Understanding Dual Sovereignty and Double Jeopardy

The Fifth Amendment to the U.S. Constitution contains a variety of protections and rights given to citizens concerning criminal trials. One of these protections is from what is known as “double jeopardy” or being tried for the same crime twice. Originally, the Fifth Amendment was only meant to apply to the federal government, but over the years, the Supreme Court has ruled that it also applies to state governments.

The issue that the Supreme Court has faced again and again is whether or not a person can be tried for the same instance of a crime in both state and federal courts. For many years, the Supreme Court has upheld that a person can, in fact, be tried in both state and federal courts for the same instance of a crime because the state government and federal government are technically two different jurisdictions or “sovereigns.” This is known as the dual sovereignty doctrine.

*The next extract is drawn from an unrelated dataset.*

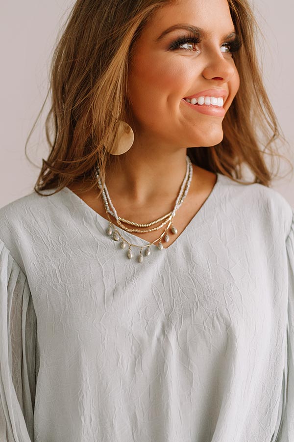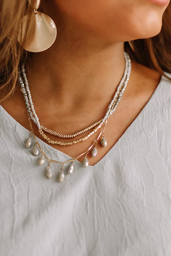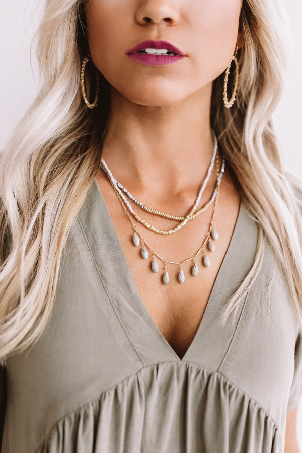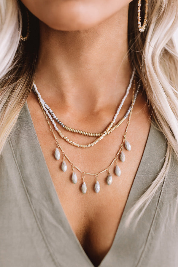 Leave a little sparkle wherever you go with the "City Sparkles" statement necklace featuring three dainty layered chains with gold and grey hued beads and dangling faux gemstone charms!
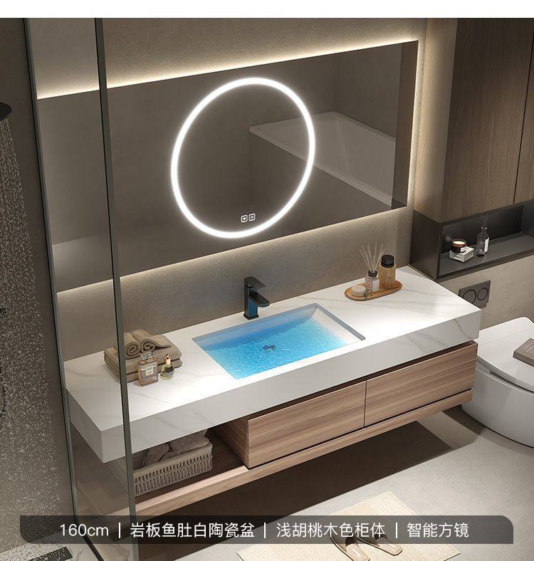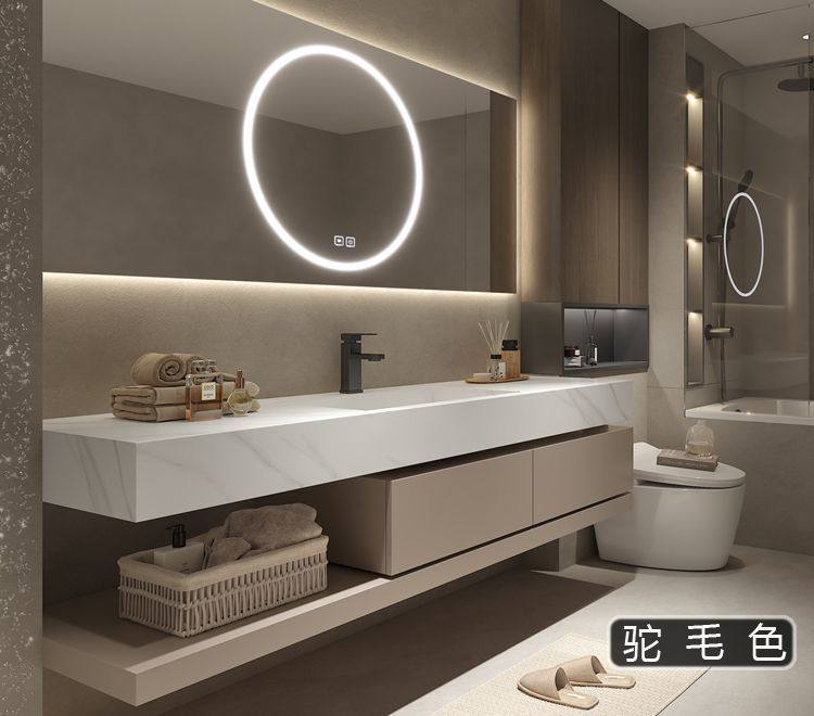 盆洗脸池卫生间组合风岩板台柜洗手盆一体奶油洗漱设计师浴室柜

This doctrine has also been referenced in crimes that take place across several states, where more than one state has jurisdiction to prosecute. For example, a person who kidnaps a child and transports that child across state lines can be prosecuted in multiple states, because he or she was in more than one state while they committed the crime. In theory, a person could face multiple state and federal charges for a single crime that took place across more than one state and that violated the laws of multiple states, as well as federal laws.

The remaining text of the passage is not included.